发明内容Contents of the invention

本发明的目的是提供一种新的方法,使得在较小开销,较快时间内,对给出的若干安卓应用程序进行预处理,得到一个基于关键词上下文频率的特征矩阵,通过对矩阵相似度的计算,进行聚类,得到这些安卓应用程序中哪些是重打包应用的信息。The purpose of the present invention is to provide a new method, so that with less overhead and faster time, a number of Android applications given are preprocessed to obtain a feature matrix based on the keyword context frequency. Degree calculation, clustering, and information on which of these Android applications are repackaged applications.
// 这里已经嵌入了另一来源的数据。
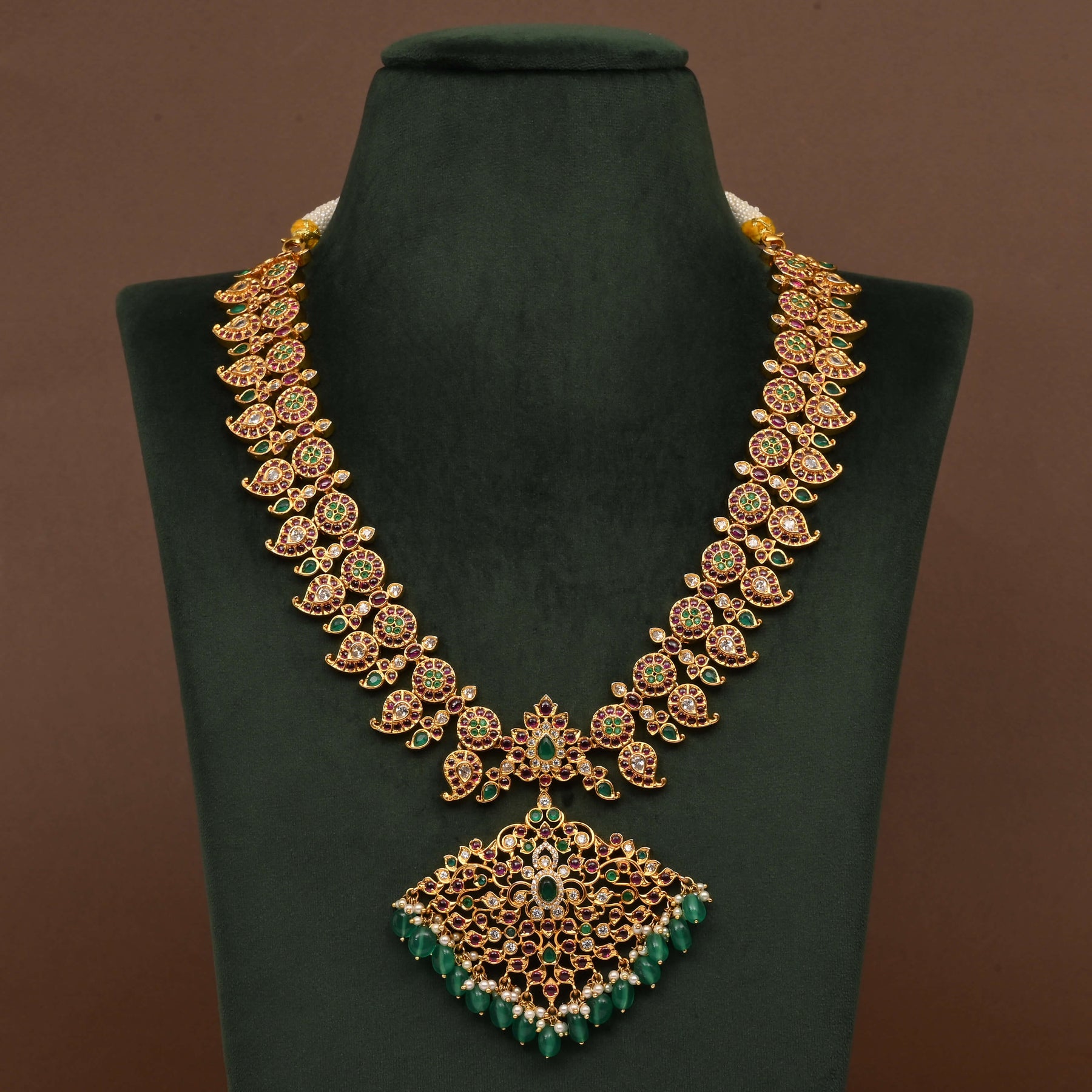 Elevate your traditional ensemble with this exquisite Temple Necklace Set, crafted in authentic gold-look finish. Each piece showcases intricate Nakshi detailing—a time-honored technique where artisans hand-sculpt elaborate patterns into the metal. This one-of-a-kind creation blends heritage craftsmanship with timeless elegance, making it an ideal choice for festivals, weddings, and special occasions. The set's traditional design celebrates classical Indian jewelry artistry while the handcrafted quality ensures no two pieces are identical. A treasured addition to any fine jewelry collection.
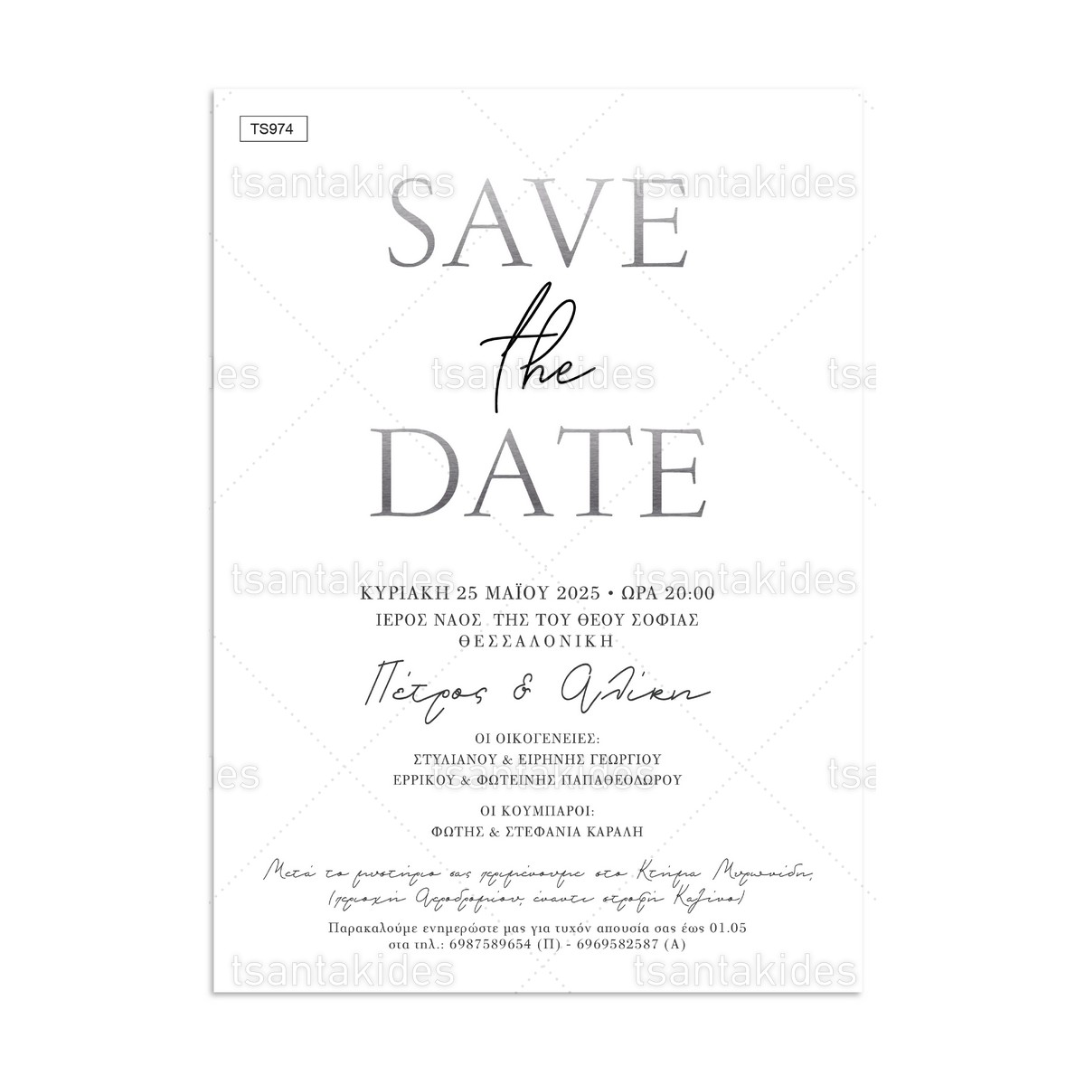 H κάρτα του προσκλητηρίου είναι τυπωμένη σε λευκό ματ χαρτί 250γρ.
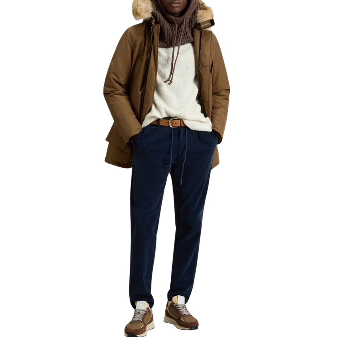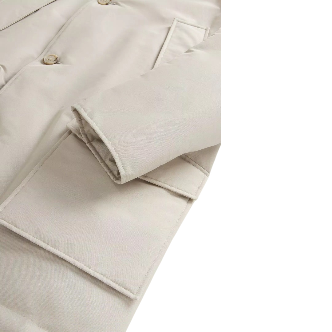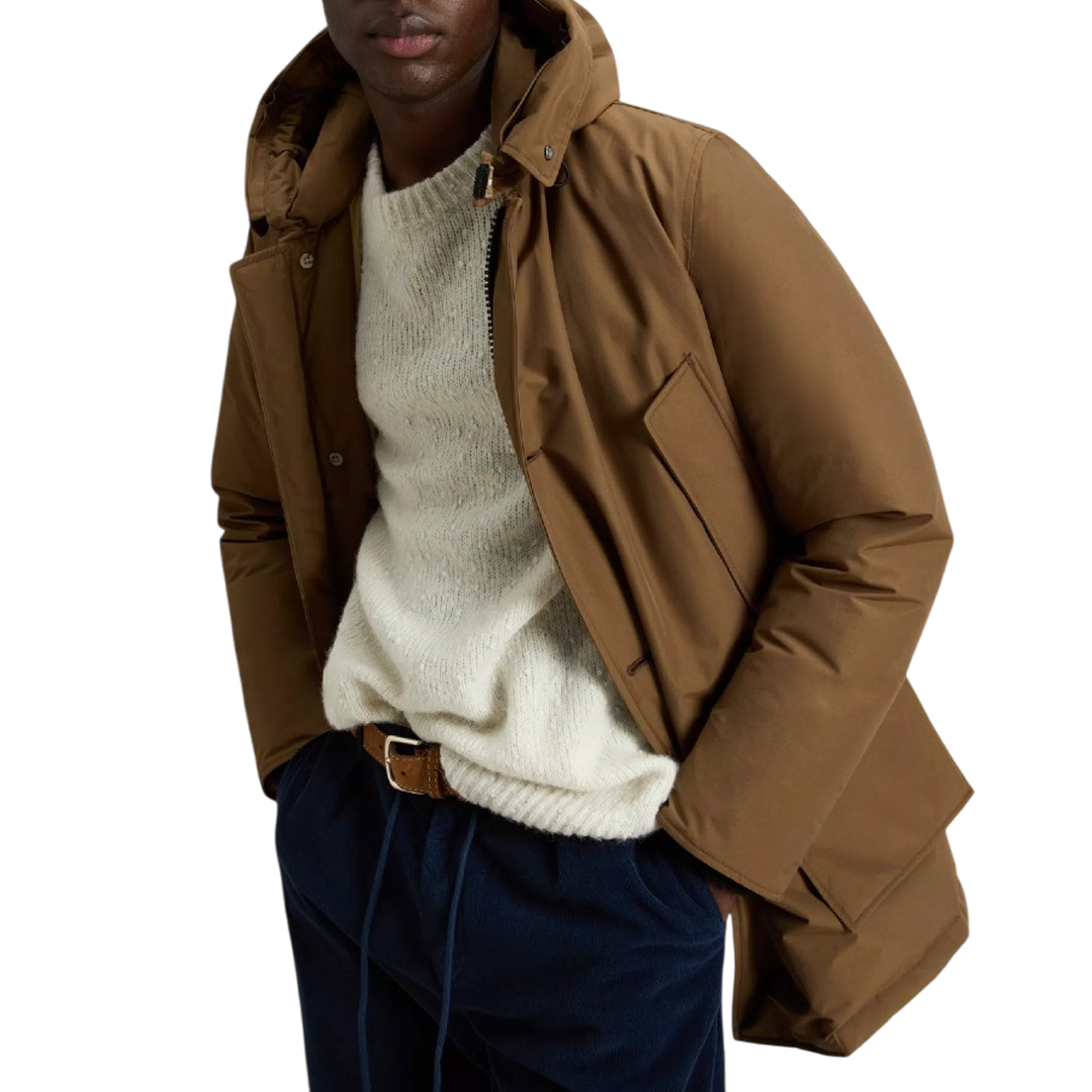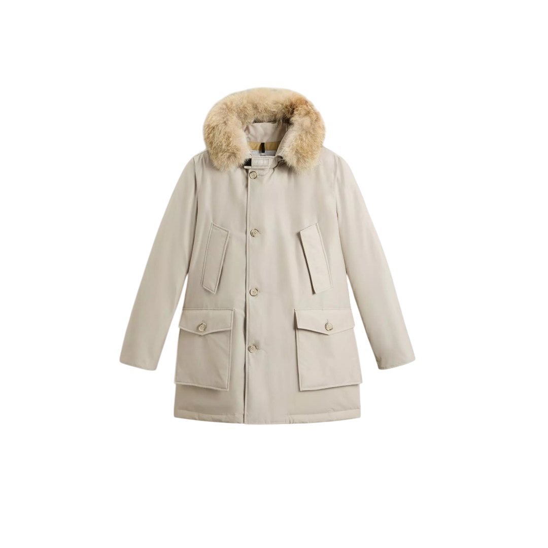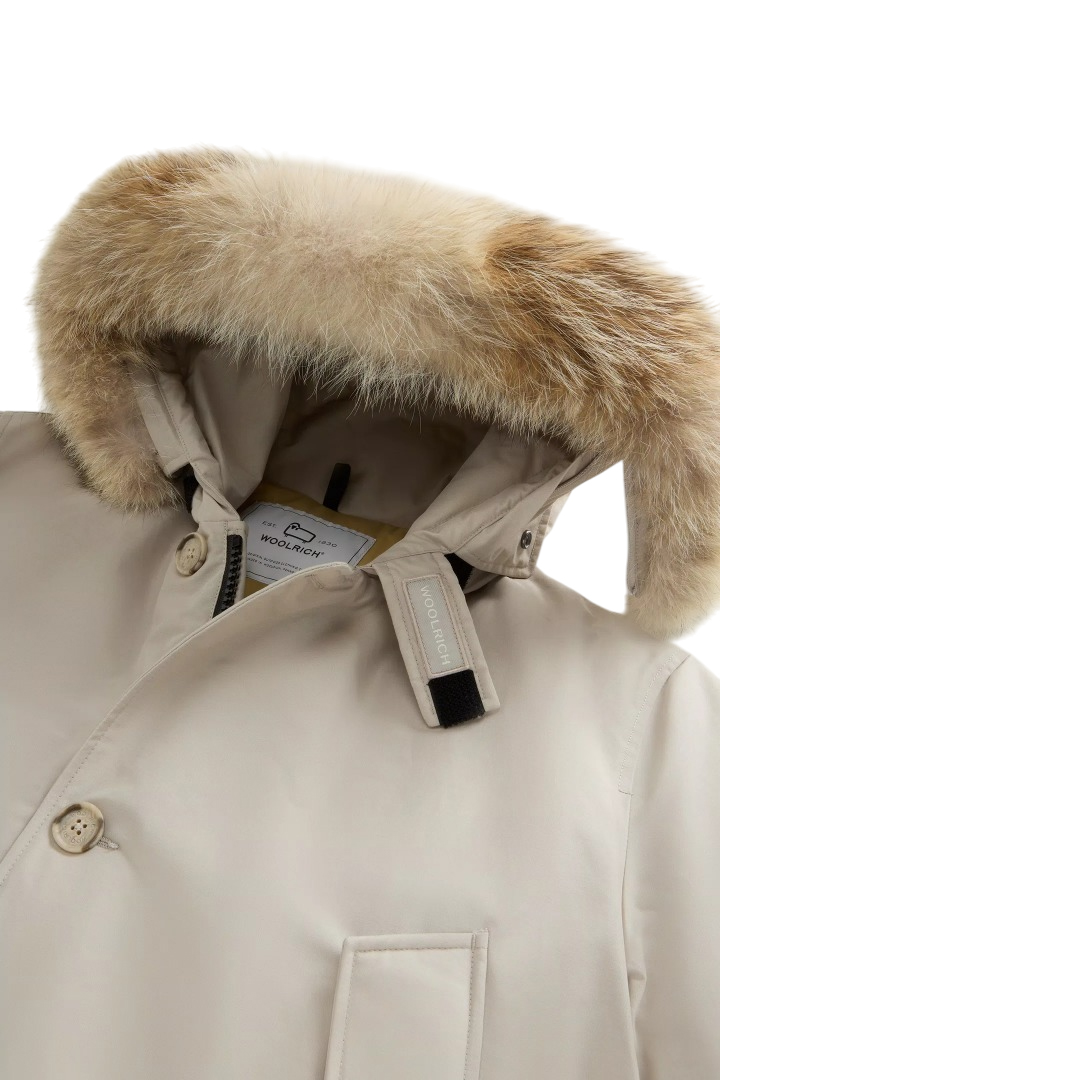 This model with fur insert is designed taking inspiration from the iconic archival garment. In fact, the first Arctic Parka was created in 1972 to protect Alaska pipeline workers from harsh Arctic climates. Made with our signature Ramar fabric, it is reinforced with an innovative Teflon coating for greater resistance to rain and wind and is padded with duck down. The sleek lines of the garment are finished with a detachable fur insert around the hood and a series of pockets to keep essential items close at hand. The pockets are lined with a fabric treated with Polygiene ViralOff® technology, which kills over 99% of viruses within two hours. Made of RDS certified Ramar fabric Water and wind resistant Teflon coating Padded with 80/20 duck down Protective hood with detachable coyote fur insert Zip and button closure Hand warmer pockets Patch pockets with flap and buttons Internal pockets Cuffs ribbed interior Pocket lining treated with Polygiene ViralOff® technology Regular fit Thermal scale: Intense cold -20 ° C / -10 ° C
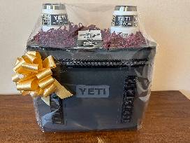 The YETI Hopper Flip 18 with Cold-cell insulation, a closed-cell foam that offers superior cold-holding to ordinary soft coolers, and capacity of up to 16 cans plus ice and Two (2) YETI Rambler 10 oz Wine Tumblers, vacuum insulated, stainless steel with MagSlider Lid.

本发明的原理是:首先对应用程序文件(apk文件)进行处理,得到smali代码文件,smali代码是原来应用程序二进制代码的一种中间表示。然后对smali代码处理,提取操作符序列,统计关键词信息,对每个特定类型的关键词构造上下文相关的特征三元组<K1,i,K2>,生成基于上下文频率的特征矩阵,对应用程序的特征矩阵进行两两对比,根据矩阵相似度得到两个应用程序的相似度。最后结合作者信息等内容判断应用程序间是否有重打包关系。The principle of the present invention is as follows: firstly, the application program file (apk file) is processed to obtain the smali code file, and the smali code is an intermediate representation of the binary code of the original application program. Then process the smali code, extract the operator sequence, count the keyword information, construct a context-related feature triplet <K1,i,K2> for each specific type of keyword, and generate a feature matrix based on the context frequency. The feature matrix of the program is compared in pairs, and the similarity of the two applications is obtained according to the similarity of the matrix. Finally, combined with author information and other content, it is judged whether there is a repackaging relationship between applications.

本发明提供的技术方案如下:The technical scheme provided by the invention is as follows:

一种基于关键词上下文频率矩阵的应用重打包辨别方法,应用于安卓系统,其特征是,包括如下步骤(流程参见图9):An application repackaging identification method based on a keyword context frequency matrix, which is applied to the Android system, is characterized in that it includes the following steps (see Figure 9 for the flow process):

A.对应用程序文件进行预处理,将二进制代码转换为smali代码文件、提取应用程序的作者签名信息并构造关键词向量;A. Preprocess the application file, convert the binary code into a smali code file, extract the author's signature information of the application, and construct a keyword vector;

B.对smali代码文件进行处理,生成smali操作符序列;B. Process the smali code file to generate a smali operator sequence;

C.生成关键词上下文频率矩阵;C. generate keyword context frequency matrix;

D.对比应用程序关键词上下文频率矩阵的相似度,判断该应用程序是否为重打包应用。D. Compare the similarity of the application keyword context frequency matrix to determine whether the application is a repackaged application.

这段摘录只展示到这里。